Work task: Find the line below with "Het perceel waarop". Print it and every line after it exactly, through the last line, leaving out the pictures.

[Stored records]
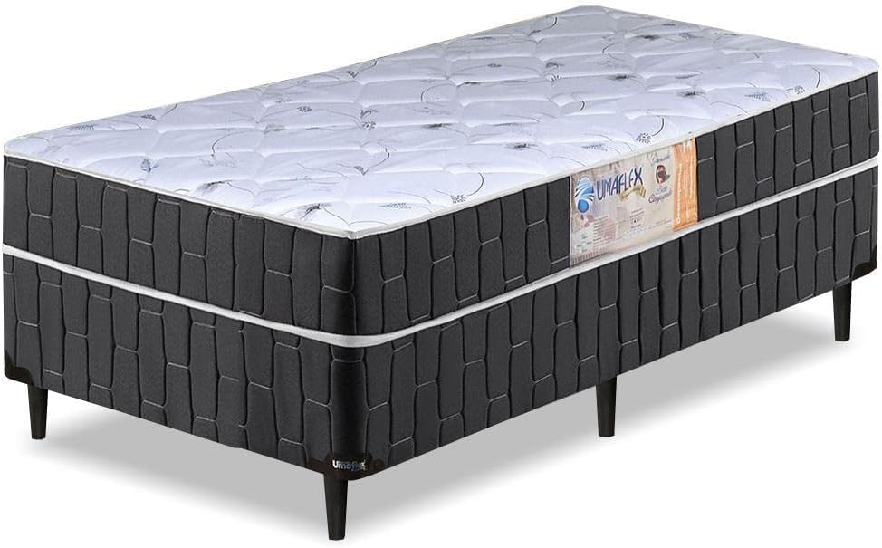 Cama Box Solteiro Conjugado Granada Umaflex Preto/Branco Flor
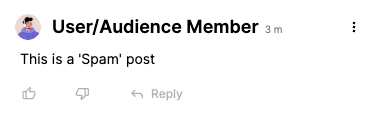 | Spam | Not Published: The post is flagged as spam or unwanted promotional content. It appears published to the original poster but is hidden from all other users. | The post still appears visible to the submitting user only. No message is shown. | ![]() |
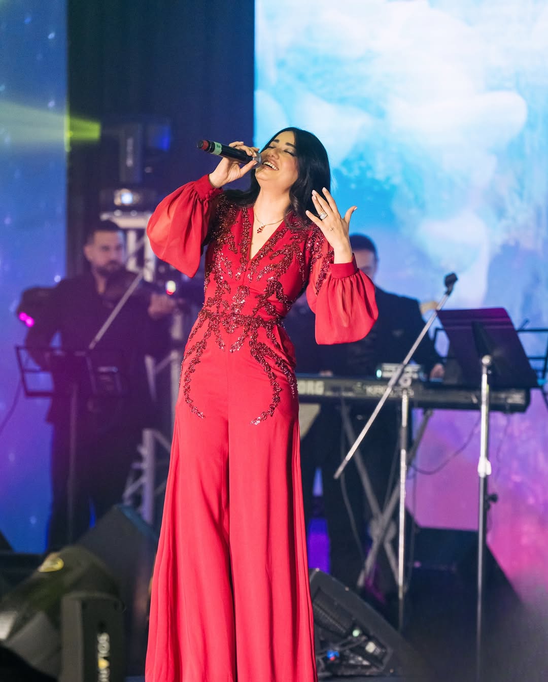 رغم أن الجمبسوت لم يكن القطعة الأكثر تكرارًا في إطلالات رحمة رياض خلال 2025، إلا أنها اختارته بعناية في المناسبات الخاصة. جمبسوتها الأحمر من توقيع سعيد قبيسي، بتصميم الأرجل الفضفاضة والخصر المحدد والتطريزات الراقية، كان مثالًا على كيف يمكن لقطعة واحدة أن تختصر الأناقة والقوة في آن واحد.
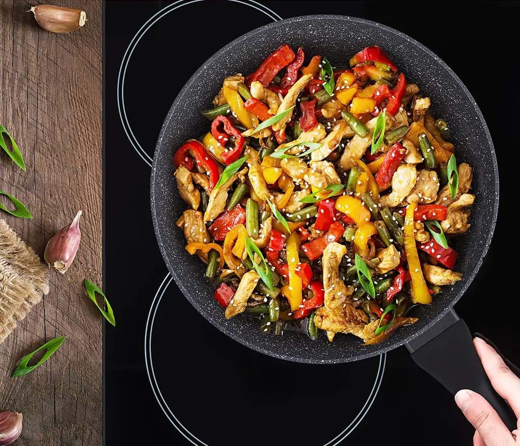 Modelul RL-FWN de la Royalty Line este realizat pentru a rezista utilizării frecvente. Construcția sa robustă asigură o distribuție uniformă a căldurii pe întreaga suprafață de gătit, eliminând punctele fierbinți și garantând o gătire consistentă a alimentelor. Mânerul ergonomic oferă o prindere sigură și confortabilă, facilitând manevrarea tigăii chiar și atunci când este plină. Designul wok-ului este ideal pentru a sota, a prăji rapid și a prepara o varietate de rețete asiatice și internaționale.
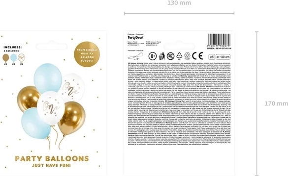 V pakiranju najdete 6 balonov s premerom približno 30 cm: 2x Pure White z zlatim potiskom »One«, 2x Light Blue in 2x bleščeče zlata. Zlahka jih kombinirate z drugimi dodatki za foto kotiček, sweet bar ali namizno dekoracijo.
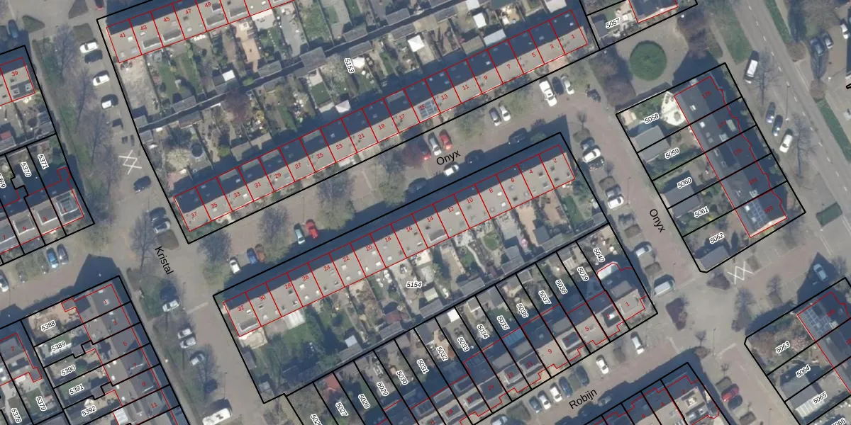 Het perceel waarop Onyx 14 staat heeft een oppervlakte van 2411 m². Dit is een zeer groot perceel. De perceeloppervlakte wordt geregistreerd door het Kadaster. Gedetailleerde informatie over de maten van dit perceel kunt u vinden in het rapport Kadastrale kaart met maatvoering van Onyx 14.
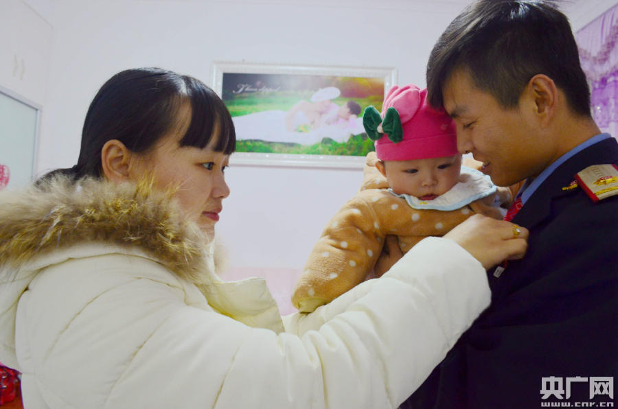 出乘前, 譚住寶再次抱了一下女兒。妻子白媛則在一旁為他整理領帶。這對小夫妻結婚一年,在一起的時間卻是少的可憐,剛結婚那會兒,白媛還有點抱怨,后來了解到忙是火車司機的職業特點,她也就慢慢理解,現在是非常支持老公的工作。但是,今天是除夕,老公卻要出乘,她還是有點不舍。 出乘前,妻子為譚住寶整理領帶 -
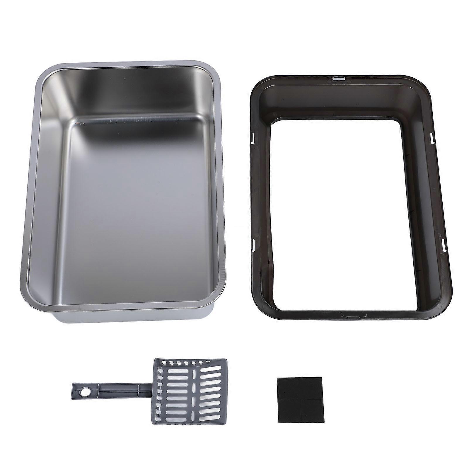 Stainless Steel Cat Litter Box Anti Splashing Top Entry Large High Sided Kitty Litter Pan with Scoop for Big Cat Black

Exercise solution:
 Het perceel waarop Onyx 14 staat heeft een oppervlakte van 2411 m². Dit is een zeer groot perceel. De perceeloppervlakte wordt geregistreerd door het Kadaster. Gedetailleerde informatie over de maten van dit perceel kunt u vinden in het rapport Kadastrale kaart met maatvoering van Onyx 14.
 出乘前, 譚住寶再次抱了一下女兒。妻子白媛則在一旁為他整理領帶。這對小夫妻結婚一年,在一起的時間卻是少的可憐,剛結婚那會兒,白媛還有點抱怨,后來了解到忙是火車司機的職業特點,她也就慢慢理解,現在是非常支持老公的工作。但是,今天是除夕,老公卻要出乘,她還是有點不舍。 出乘前,妻子為譚住寶整理領帶 -
 Stainless Steel Cat Litter Box Anti Splashing Top Entry Large High Sided Kitty Litter Pan with Scoop for Big Cat Black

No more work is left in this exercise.